Looking for sides? Try my Asparagus and Spinach Salad, or Roasted Brussels Sprouts Salad. And of course, garlic bread is always a must!!
Storing + Meal Prep
This sauce makes fantastic leftovers. Keep it in the fridge for up to 5 days, or freeze for up to 4 months. Just thaw overnight and reheat on the stovetop for an easy, stress-free dinner anytime.
The BEST Instant Pot Spaghetti Meat Sauce

Ingredients
- 2 tbsp avocado oil, or olive oil
- 1 medium sized white/yellow onion, diced
- 4 cloves garlic, minced
- 1 lb ground beef
- 1 lb ground sausage
- 3 tbsp red wine vinegar
- 2 28 oz cans San Marzano Tomatoes*
- 6 oz tomato paste
- 1 tsp sea salt, + more to taste
- 2 tsp dried basil
- 2 tsp dried oregano
- Crushed red pepper, optional
- Fresh basil to taste
- 1/4-1/2 cup water**, (see note)
Instructions
- Set your instant pot to saute. Once hot, add oil. Coat the pot, then add both meats, onion, and garlic. Mix around until beef is almost cooked (a little pink is fine). Now select cancel.
- Pour vinegar over meat mixture. Using a wooden spoon, be sure to scrape the bottom of the pot to prevent any of the onion/garlic sticking. This will help prevent the burn signal! See the note below, as some IP's are sensitive to the burn signal and this sauce may require a bit of water.
- Now add tomatoes, paste, salt, and spices. Secure the lid. Select the manual function and cook on high pressure for 7 minutes.
- Use a quick release, and make sure steam is completely released before removing lid.
- Serve over noodles and squash. Add crushed red pepper, additional salt to taste, and garnish with fresh basil.
Notes
Nutrition
Nutrition information is automatically calculated, so should only be used as an approximation.










Good taste, but the cook time didn’t seem long enough to create a nice tender meat sauce. Turned it back on for another 7 mins, and that helped to create that slow cooked, all day authentic sauce we crave. Thanks for a great recipe otherwise.
Delicious base sauce! I use this to start & sometimes customize with different veggies, like red bell pepper & mushrooms. I also add different and more seasonings, it needs more than what’s in recipe.i have also made this recipe as is & its delicious, just needed to increase the seasoning measurements.

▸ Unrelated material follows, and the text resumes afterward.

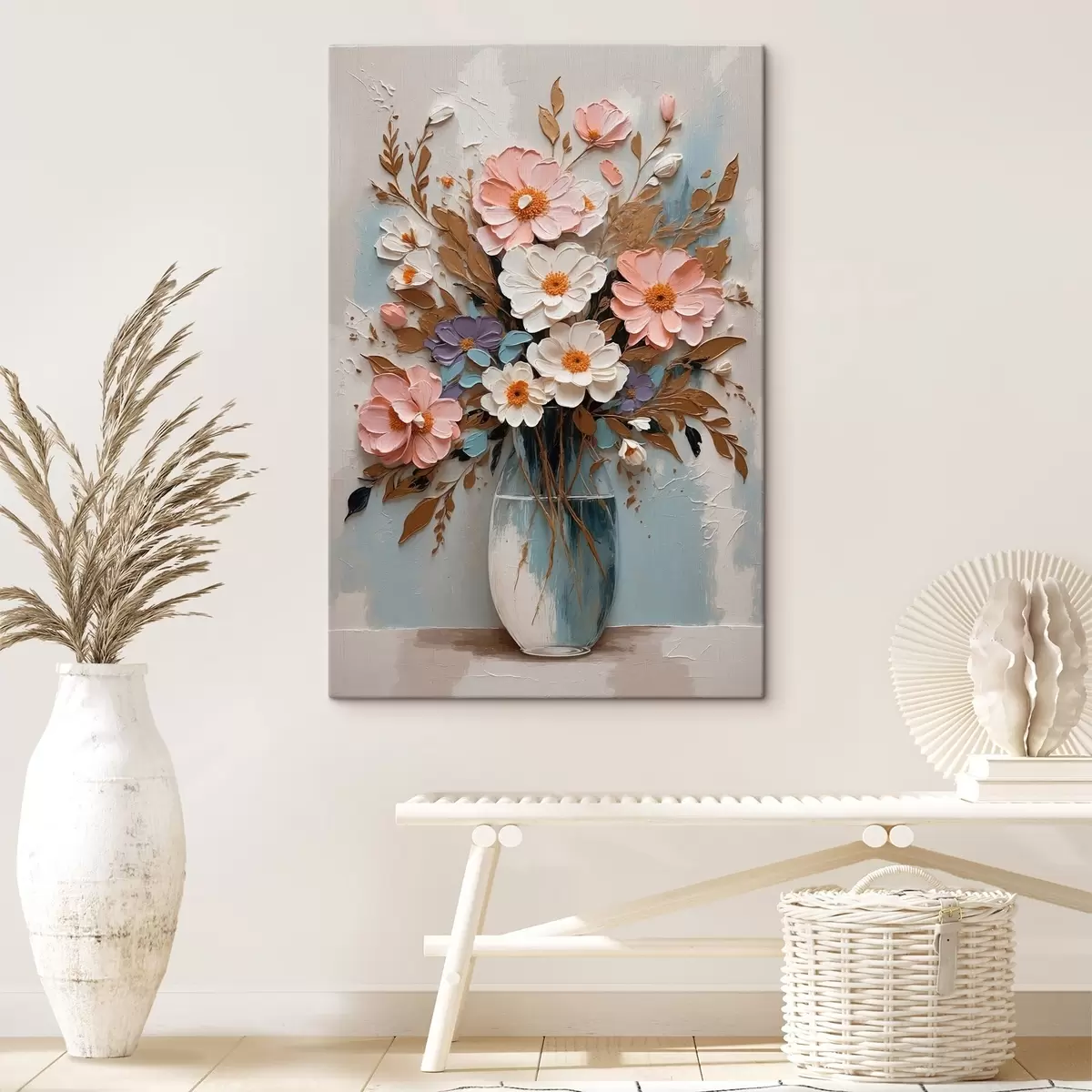 Drei Materialtypen stehen zur Verfügung: Economic Canvas - ein dichtes und haltbares Material für den Digitaldruck, identisch mit Malerleinwand, wasserfeste Oberfläche, realistische Wiedergabe von Details, mittelkörniges Material. Premium Canvas - die Textur ähnelt der einer Malerleinwand (verwobene kleine Fäden). Weiche, detaillierte Wiedergabe des Bildes auf einer matten Oberfläche. Eco-Premium - hochwertiges Gewebe aus 100% Baumwolle. Dank der natürlichen Baumwollfasern ist das Material langlebig und verschleißfest. Hervorragende Farbwiedergabe und Detailtreue.

You can use different meat too. Turkey..chicken. it’s easy to make and makes a lot. I always have 3 meals worth of sauce, and it freezes like a dream. Glad I found this one!
So happy to hear that!!
Usually cook spaghetti sauce for hours and it works out great. Pressure cooking would speed that up but how do you thicken sauce in a pressure cooker/ instapot?

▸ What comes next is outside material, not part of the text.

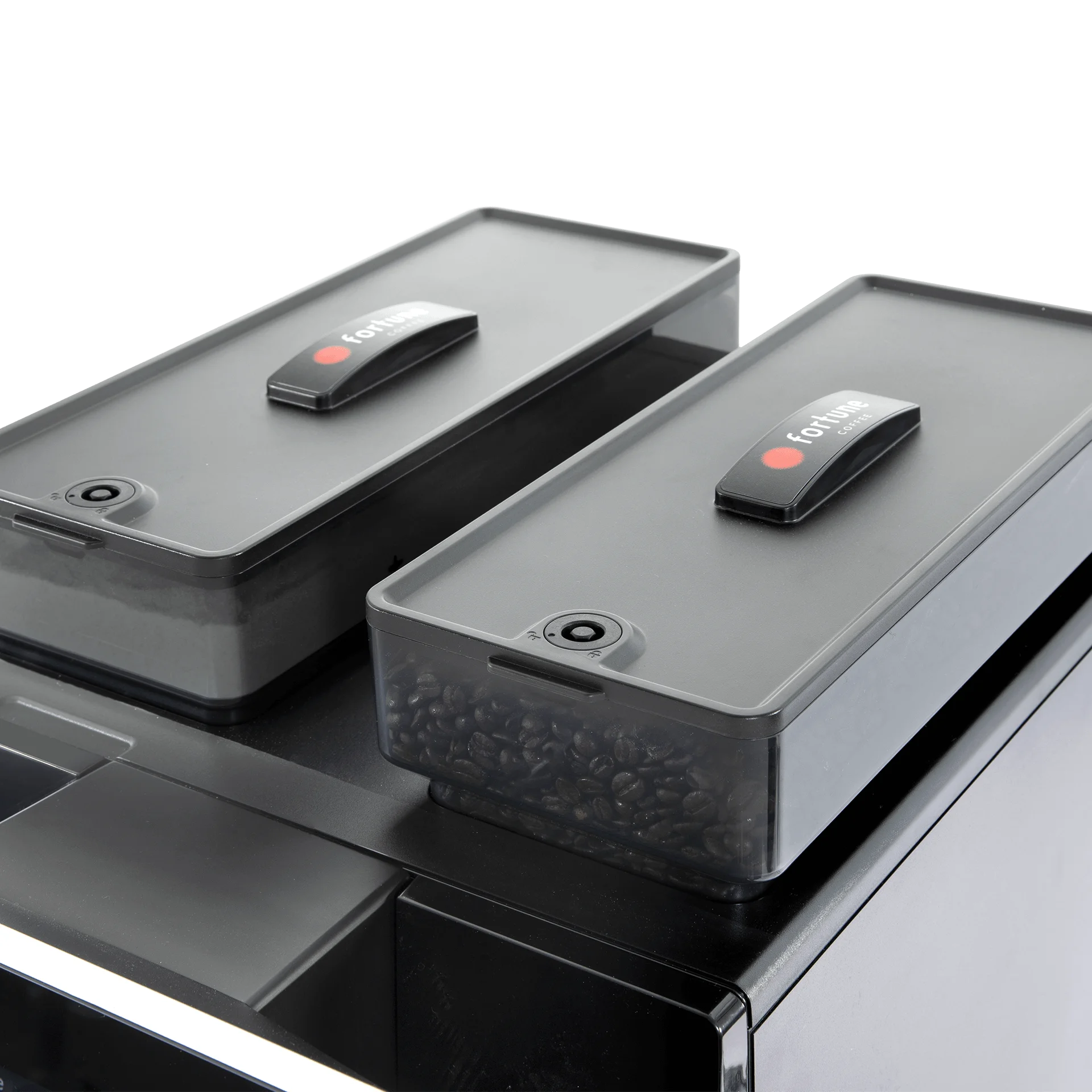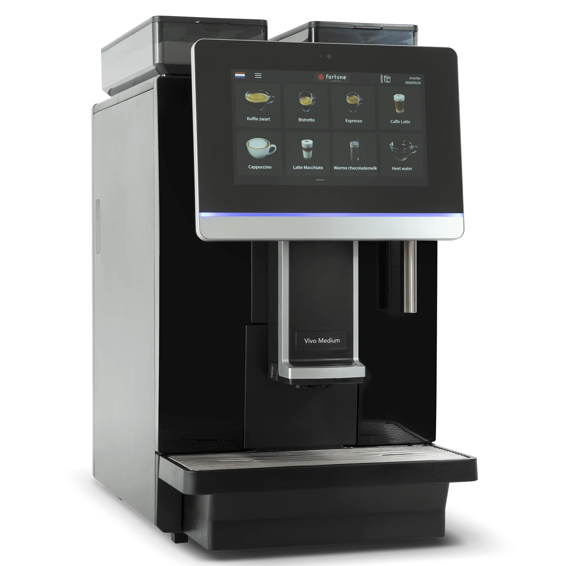 De Vivo Medium 10 inch bonenkoffiemachine heeft 2 containers en meer dan 20 drankopties. Zo heeft iedereen snel zijn favoriete warme drank, van zwarte koffie en espresso tot cappuccino. Ben je benieuwd naar alle mogelijkheden? Jouw Fortune koffieadviseur stelt de koffierecepten in naar jullie wensen.

Got the burn alert about 7 times, then when it was finished cooking there was still so much water. Wouldn’t recommend. There are better meat sauce recipes and they take longer
Okay!!!! So good!!! So fresh tasting!!
Cooking this recipe in the instant pot right now for a friend recovering from surgery and very excited! Found the whole canned San Mariano tomatoes too!! I didn’t use sausage but did manage to toss some meatballs in there in which I just smashed up! I’m hoping for good results!
If I wanted to halve the recipe would that work and would all the cooking times/instructions be the same? Thank you!
I want to say that it should, BUT….. Sometimes that conversion is not easy because of the liquids. You will still need the same amount of water, so it will be more liquified. Also, this is a great recipe to freeze! So you may want to do the entire recipe and freeze half for another time.
Love this recipe! I made it meatless with Yves Ground Round.
This is hands down the best I have ever had. My husband says it needs to be a weekly menu item. Those tomatoes were amazing. Make sure you only use the kind she has in the recipe. I did not have to add any water. It was perfect!
Would this recipe work if I didn’t include the sausage and just used the Ground beef with all other ingredients to? Thanks!